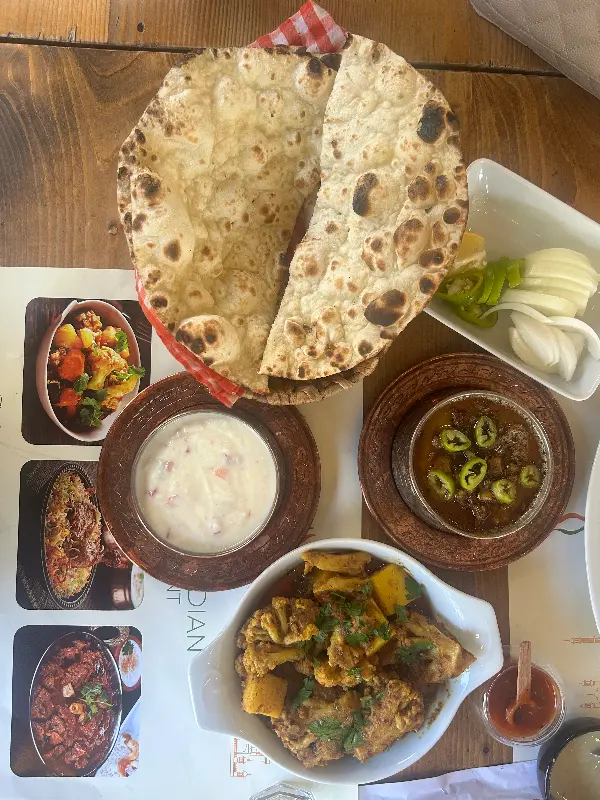 문을 열자마자 코를 간지럽히는 이국적인 향신료 냄새가 후각을 자극했다. 인도에 와 있는 듯한 착각을 불러일으키는 묘한 향기였다. 은은한 조명 아래, 테이블마다 놓인 작은 촛불이 아늑한 분위기를 더했다. 벽에는 인도 전통 문양이 새겨진 장식품들이 걸려 있었고, 잔잔한 인도 음악이 흐르고 있었다.
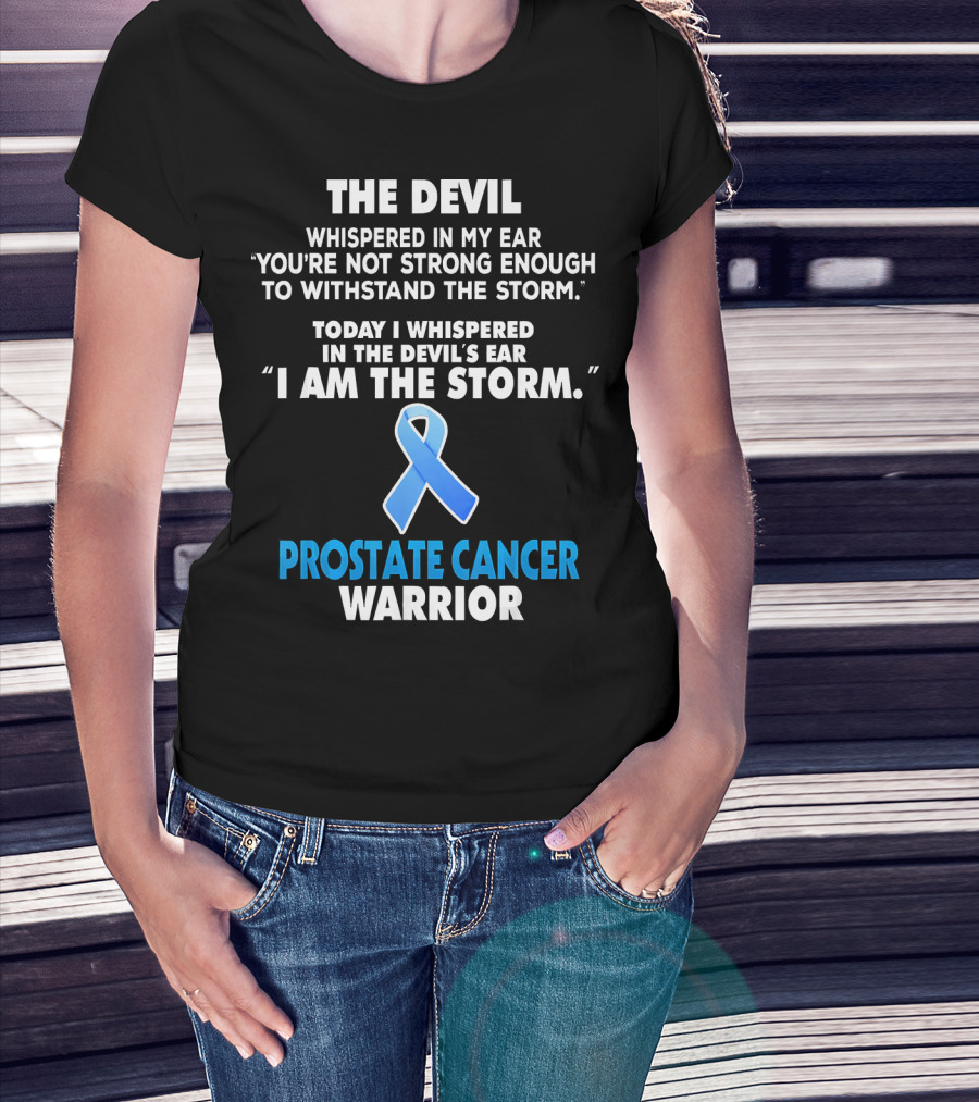 How much will this THE DEVIL WHISPERED IN MY EAR YOU'RE NOT STRONG ENOUGH TO WITHSTAND THE STORM TODAY I WHISPERED IN THE DEVIL'S EAR I AM THE STORM PROSTATE CANCER WARRIOR shirt shrink?
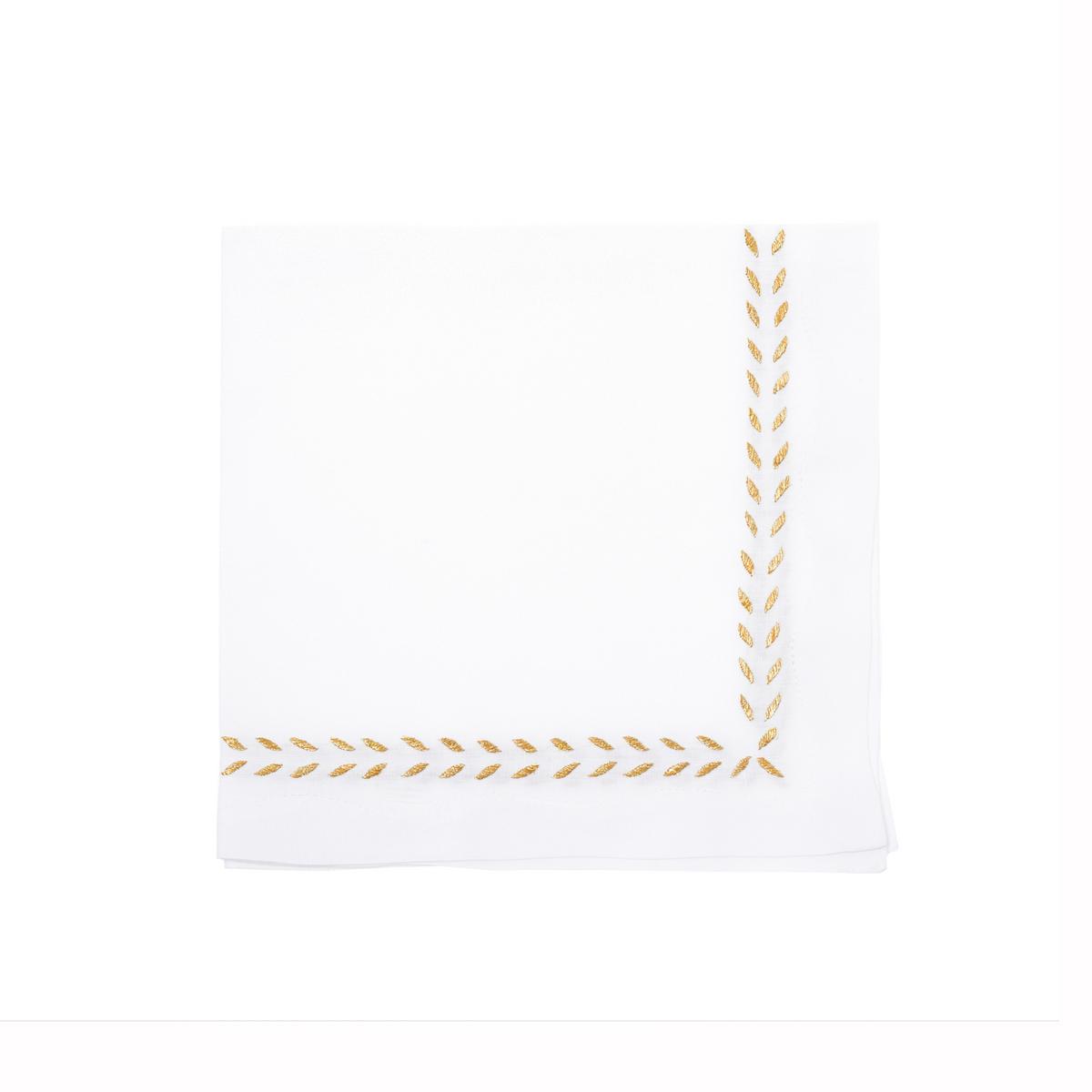 Die Leinentischwäsche "Doppelte Marie" von Eri Textiles verzaubert auf den ersten Blick. Viele stilisierte kleine Blätter in Gold bzw. Silber säumen das rein weiße Leinen. Eine wellenförmige Bestickung am Rand bildet einen gelungenen Rahmen für die Tischwäsche aus 100% Leinen.
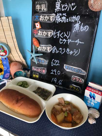 本日の給食は、「黒糖パン、牛乳、もずく入りヒラヤーチー、豚肉といかの煮もの、あっさりきゅうり」でした。
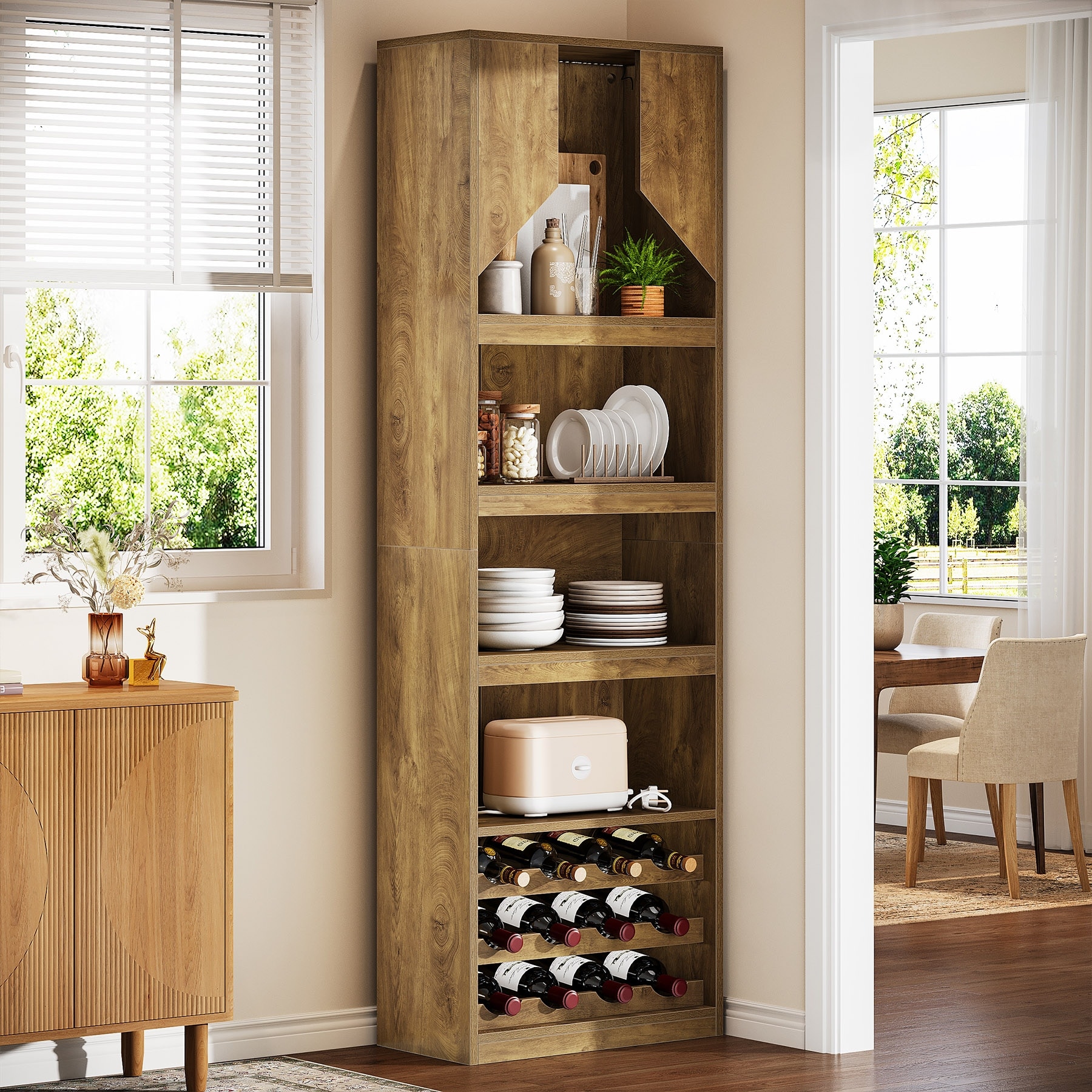Corner Bar Cabinet, Two Shelves, Ten Built-in Wine Rack, Single Door Cabinet, Two interior Shelves, -Black / Pine
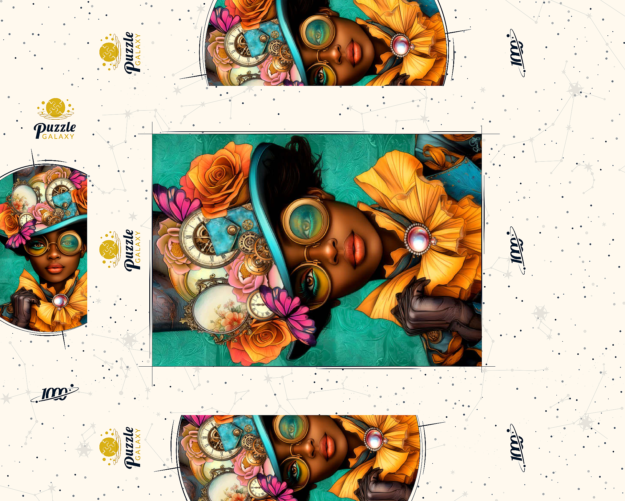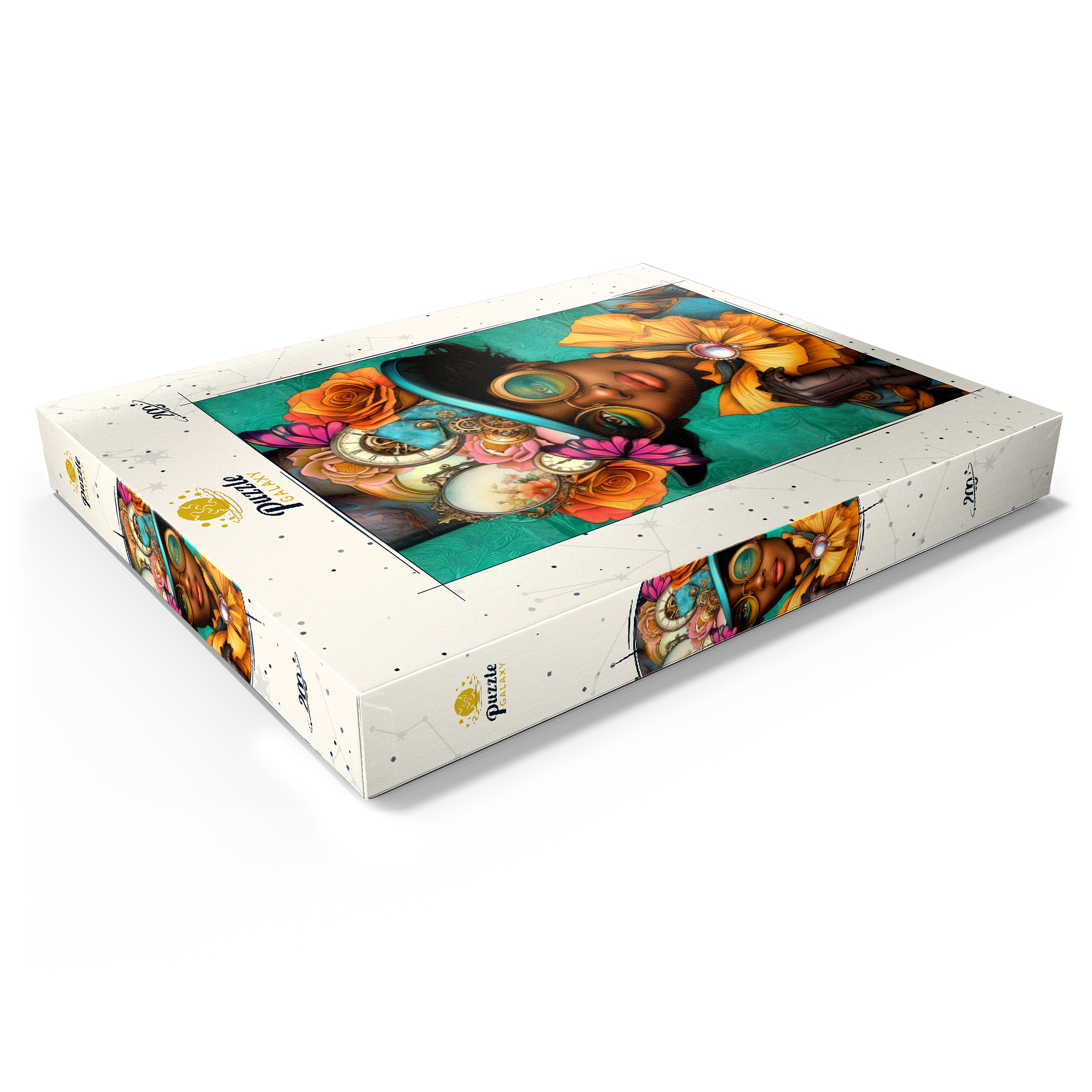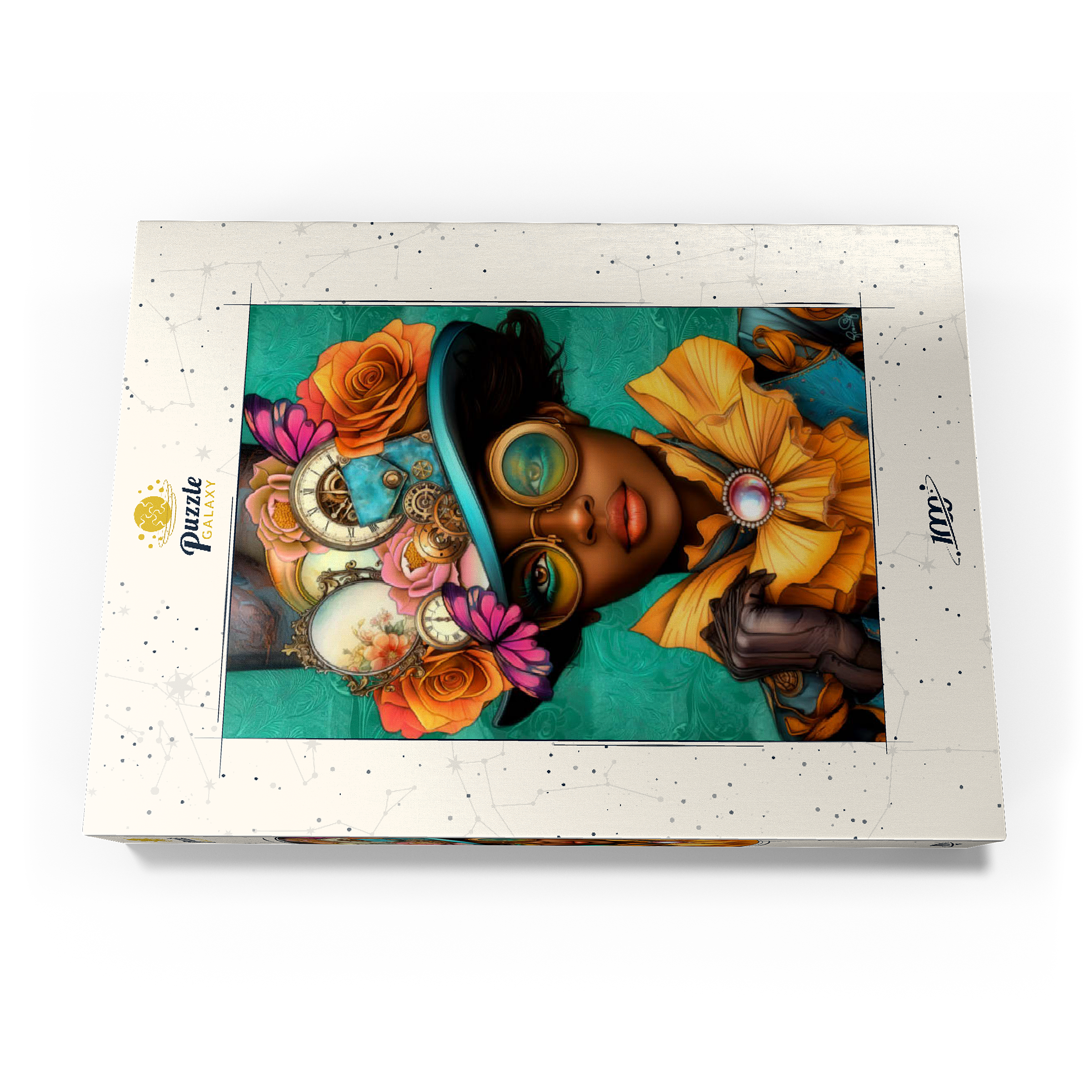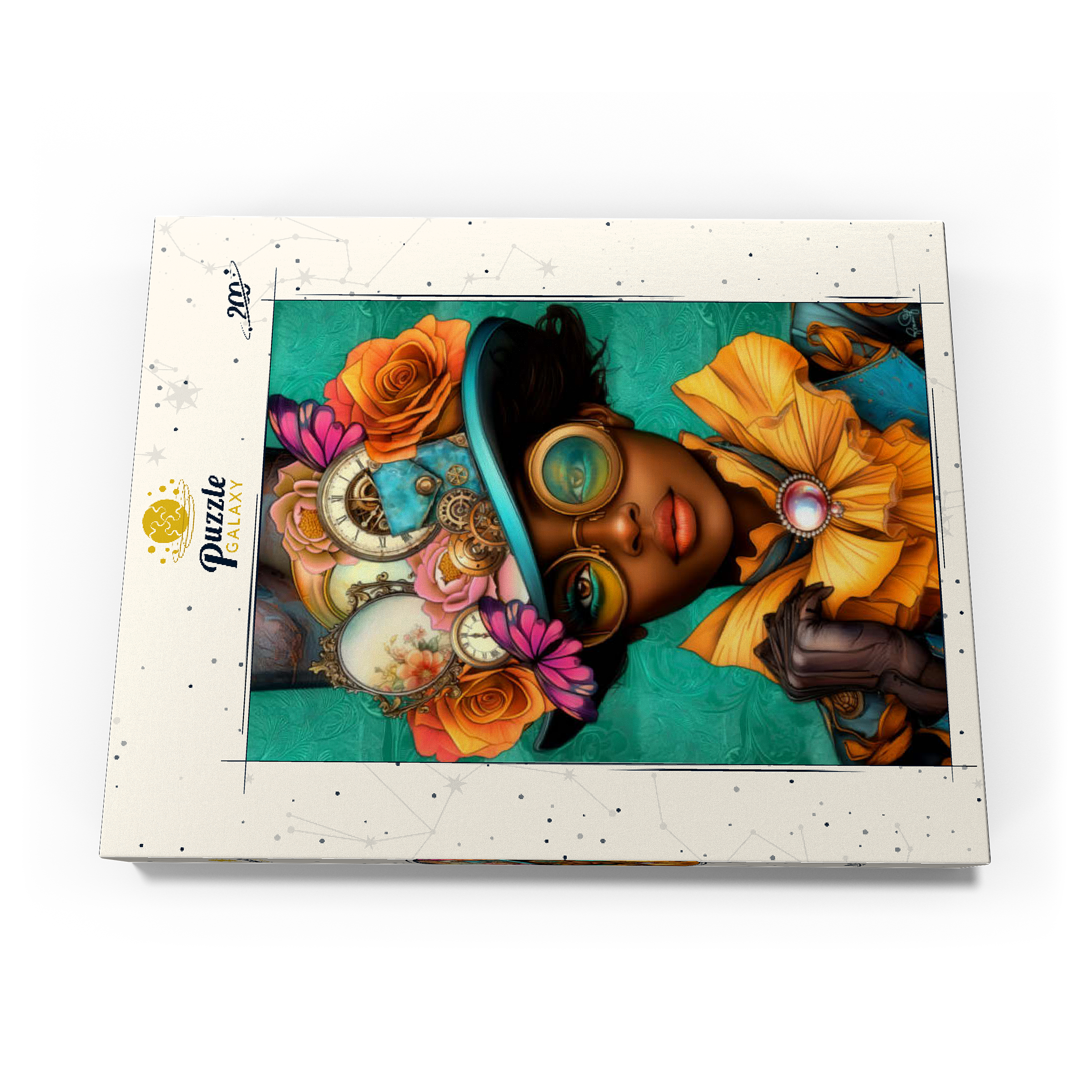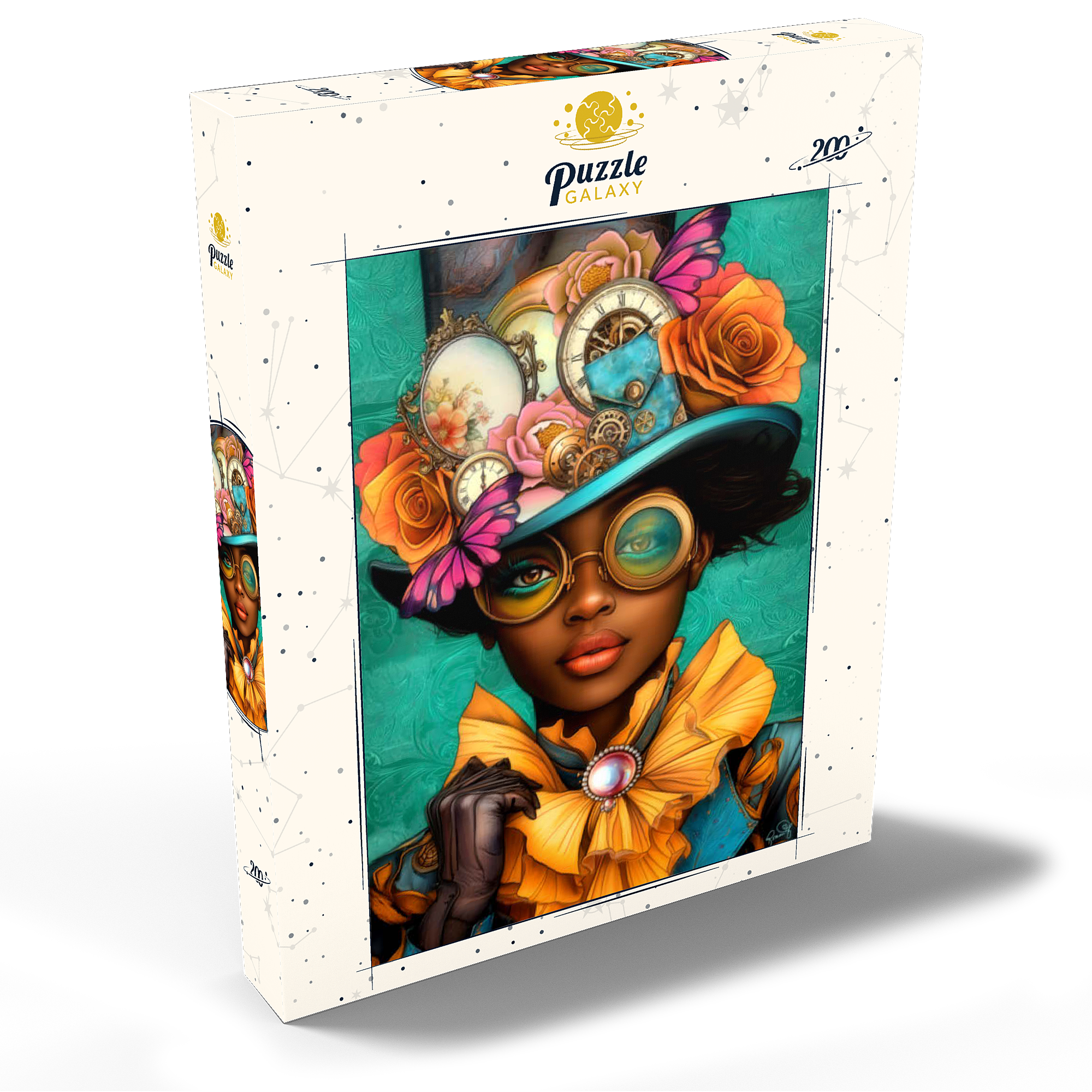 Ein auffälliges, vom Steampunk inspiriertes digitales Kunstwerk, das eine selbstbewusste Frau zeigt, die einen leuchtend türkisfarbenen Hut trägt, der mit filigranen Zahnrädern, Vintage-Uhren und zarten Blumen in Orange-, Rosa- und Goldtönen verziert ist. Ihre auffälligen, gelb getönten Schutzbrillen und der dazu passende goldene Rüschenkragen verleihen ihr einen dramatischen Touch, während die elegante Perlenbrosche die viktorianische Ästhetik unterstreicht. Der blaugrüne Hintergrund mit kunstvollen Mustern ergänzt die lebhaften Farbtöne und Steampunk-Elemente. Dieses detailreiche Kunstwerk ist perfekt für Fans von Steampunk-Mode, Fantasy-Porträts und retro-futuristischen Motiven. Eine ausgezeichnete Wahl als Wanddekoration, Design-Inspiration oder als einzigartiges Statement-Stück für jede Sammlung.

What you need to do
The full text of the data above, exact and without pictures, is what to return.

Response below
 문을 열자마자 코를 간지럽히는 이국적인 향신료 냄새가 후각을 자극했다. 인도에 와 있는 듯한 착각을 불러일으키는 묘한 향기였다. 은은한 조명 아래, 테이블마다 놓인 작은 촛불이 아늑한 분위기를 더했다. 벽에는 인도 전통 문양이 새겨진 장식품들이 걸려 있었고, 잔잔한 인도 음악이 흐르고 있었다.
 How much will this THE DEVIL WHISPERED IN MY EAR YOU'RE NOT STRONG ENOUGH TO WITHSTAND THE STORM TODAY I WHISPERED IN THE DEVIL'S EAR I AM THE STORM PROSTATE CANCER WARRIOR shirt shrink?
 Die Leinentischwäsche "Doppelte Marie" von Eri Textiles verzaubert auf den ersten Blick. Viele stilisierte kleine Blätter in Gold bzw. Silber säumen das rein weiße Leinen. Eine wellenförmige Bestickung am Rand bildet einen gelungenen Rahmen für die Tischwäsche aus 100% Leinen.
 本日の給食は、「黒糖パン、牛乳、もずく入りヒラヤーチー、豚肉といかの煮もの、あっさりきゅうり」でした。
Corner Bar Cabinet, Two Shelves, Ten Built-in Wine Rack, Single Door Cabinet, Two interior Shelves, -Black / Pine
 Ein auffälliges, vom Steampunk inspiriertes digitales Kunstwerk, das eine selbstbewusste Frau zeigt, die einen leuchtend türkisfarbenen Hut trägt, der mit filigranen Zahnrädern, Vintage-Uhren und zarten Blumen in Orange-, Rosa- und Goldtönen verziert ist. Ihre auffälligen, gelb getönten Schutzbrillen und der dazu passende goldene Rüschenkragen verleihen ihr einen dramatischen Touch, während die elegante Perlenbrosche die viktorianische Ästhetik unterstreicht. Der blaugrüne Hintergrund mit kunstvollen Mustern ergänzt die lebhaften Farbtöne und Steampunk-Elemente. Dieses detailreiche Kunstwerk ist perfekt für Fans von Steampunk-Mode, Fantasy-Porträts und retro-futuristischen Motiven. Eine ausgezeichnete Wahl als Wanddekoration, Design-Inspiration oder als einzigartiges Statement-Stück für jede Sammlung.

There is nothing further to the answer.